= Beginning of Section =
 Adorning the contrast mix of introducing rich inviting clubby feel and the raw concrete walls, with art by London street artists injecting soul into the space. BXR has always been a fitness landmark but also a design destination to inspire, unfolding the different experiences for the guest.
= End of Section =
= Beginning of Section =
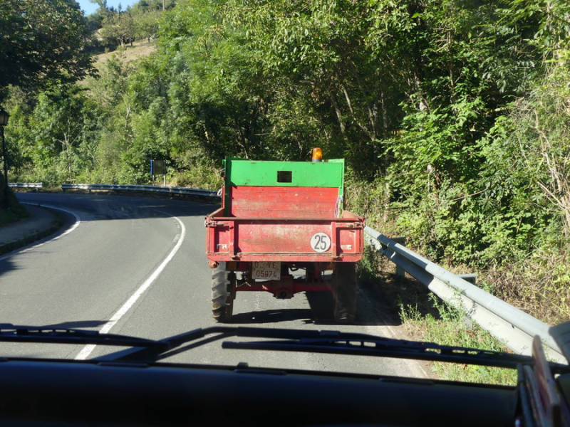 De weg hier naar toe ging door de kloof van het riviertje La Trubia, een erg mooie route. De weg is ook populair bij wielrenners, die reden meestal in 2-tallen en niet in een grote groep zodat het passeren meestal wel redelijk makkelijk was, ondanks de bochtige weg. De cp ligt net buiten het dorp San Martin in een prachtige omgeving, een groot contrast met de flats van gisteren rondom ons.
= End of Section =
= Beginning of Section =
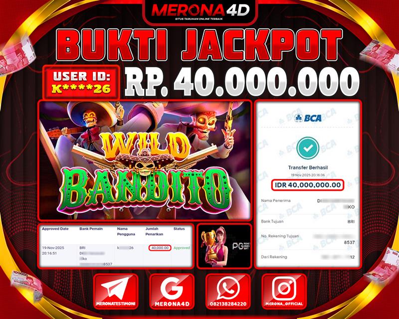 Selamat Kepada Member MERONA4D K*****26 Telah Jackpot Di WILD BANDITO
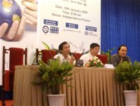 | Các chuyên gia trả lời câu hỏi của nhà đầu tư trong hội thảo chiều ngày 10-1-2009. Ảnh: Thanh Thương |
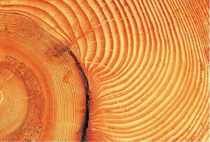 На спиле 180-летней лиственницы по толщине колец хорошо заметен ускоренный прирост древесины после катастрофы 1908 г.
= End of Section =
Copy only the lines above from the one containing "Selamat Kepada Member" through the one containing "На спиле 180-летней", both included. Leave out the pictures.

**Answer to the exercise**
 Selamat Kepada Member MERONA4D K*****26 Telah Jackpot Di WILD BANDITO
 | Các chuyên gia trả lời câu hỏi của nhà đầu tư trong hội thảo chiều ngày 10-1-2009. Ảnh: Thanh Thương |
 На спиле 180-летней лиственницы по толщине колец хорошо заметен ускоренный прирост древесины после катастрофы 1908 г.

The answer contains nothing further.